1. Mulur:
Merupakan simbol keinginan manusia yang sering kali berlebihan, seperti mengejar jabatan, kekuasaan, atau materi. Ketika keinginan ini terus meningkat tanpa batas, ia dapat mendorong seseorang pada kerakusan dan melupakan moralitas. Dalam konteks korupsi, mulur adalah akar dari perbuatan tidak jujur.
2. Mungkrete:
Sebaliknya, ketika gagal memenuhi keinginan, seseorang dapat merasa kecewa, menyusut, atau merasa rendah diri. Kondisi ini menegaskan pentingnya memahami bahwa semua keadaan sifatnya sementara (sementara) dan tidak ada yang kekal.
3. Makna Filosofis:
Ki Ageng menegaskan bahwa manusia memiliki "rasa sama," yakni kesadaran bahwa kebahagiaan tidak ditemukan dalam hal-hal eksternal tetapi dalam keseimbangan internal. Prinsip Enam "SA" kembali menjadi dasar untuk mengelola mulur dan mungkrete.
Waspada terhadap Sifat Buruk: Cermin bagi Pencegahan Korupsi
Ki Ageng juga menyoroti empat sifat buruk manusia yang harus diwaspadai, yaitu:
1. Meri (iri hati): Menimbulkan kebencian terhadap keberhasilan orang lain dan memicu ketidakadilan.

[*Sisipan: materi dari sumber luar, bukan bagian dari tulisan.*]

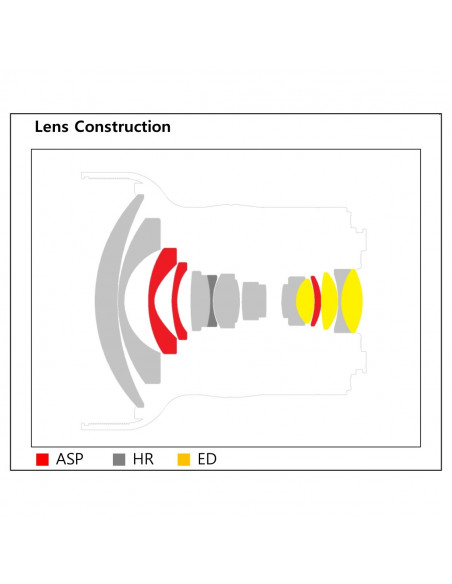The outstanding imaging performance is due to the elaborate optical system. It consists of 11 groups with 18 lenses and sets standards. Particularly noteworthy are the three aspherical lenses, three ED lenses and one HR lens. The aspherical lenses (ASP) minimize imaging errors by reducing unwanted light scattering. The ED (extra-low distortion) lenses prevent chromatic aberrations. The HR (high refractive) lens optimizes the beam path for a clear and luminous image. With these matched high precision aspherical and high refractive lenses, the various possible aberrations are minimized and a clear image is achieved. In particular, this lens has excellent distortion correction and offers excellent resolution from center to edge. The lens hood also prevents interfering lateral light incidence and lens reflections that would lead to loss of contrast.

2. Pambegan (sombong): Sifat ini mendorong seseorang untuk merendahkan orang lain, sering kali menjadi awal dari penyalahgunaan kekuasaan.
3. Getun (kecewa pada keadaan terjadi): Ketidakpuasan ini sering kali membuat seseorang tidak mensyukuri apa yang dimiliki dan melupakan nilai keadilan.
4. Sumelang (kekhawatiran pada sesuatu yang belum terjadi): Kekhawatiran berlebihan ini dapat memicu keputusan yang tidak bijak.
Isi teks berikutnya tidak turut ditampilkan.